Your assignment:
A faithful transcript of all the lines below, with no pictures, is the goal here.

Recorded information:
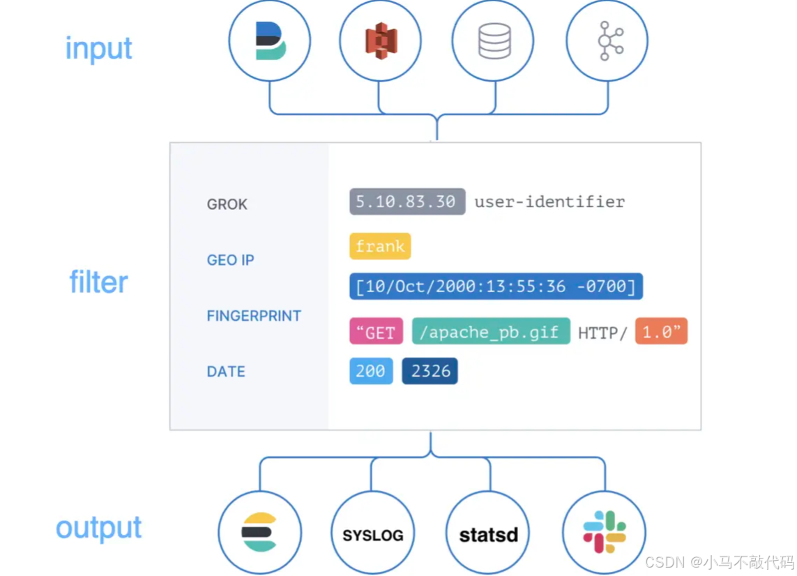 所以 Logstash 处理数据的整个流程为 input -- event --> filterevent -- event --> output ,其中 input、filter、output、event 概念的解析如下:
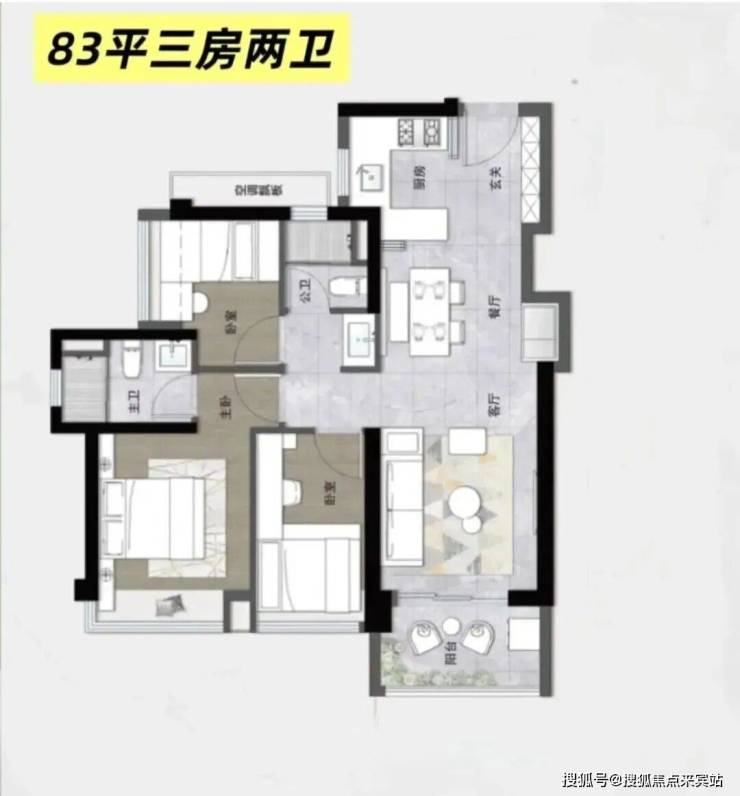 目前流传出来的只有70㎡的3房2厅1卫户型,设计的是竖厅格局,LDKB一体化,S墙设计预留冰箱卡槽位,动静分区,U型厨房,卫生间三段式干湿分离,得房率约100%(包含赠送),西北朝向。
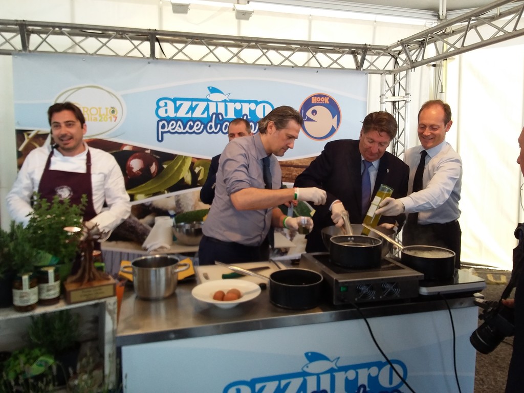 L'occasione è stata data dall'apertura di Girolio, prima tappa nazionale del tour promosso da "Città dell'olio" ospitato nel porto di Andora nell'ambito di "Azzurro, pesce d'autore", che ha visto dietro i fornelli anche il padrone di casa, il sindaco Mauro Demichelis ed Enrico Lupi presidente dell' Associazione Città dell'olio.

Response below:
 所以 Logstash 处理数据的整个流程为 input -- event --> filterevent -- event --> output ,其中 input、filter、output、event 概念的解析如下:
 目前流传出来的只有70㎡的3房2厅1卫户型,设计的是竖厅格局,LDKB一体化,S墙设计预留冰箱卡槽位,动静分区,U型厨房,卫生间三段式干湿分离,得房率约100%(包含赠送),西北朝向。
 L'occasione è stata data dall'apertura di Girolio, prima tappa nazionale del tour promosso da "Città dell'olio" ospitato nel porto di Andora nell'ambito di "Azzurro, pesce d'autore", che ha visto dietro i fornelli anche il padrone di casa, il sindaco Mauro Demichelis ed Enrico Lupi presidente dell' Associazione Città dell'olio.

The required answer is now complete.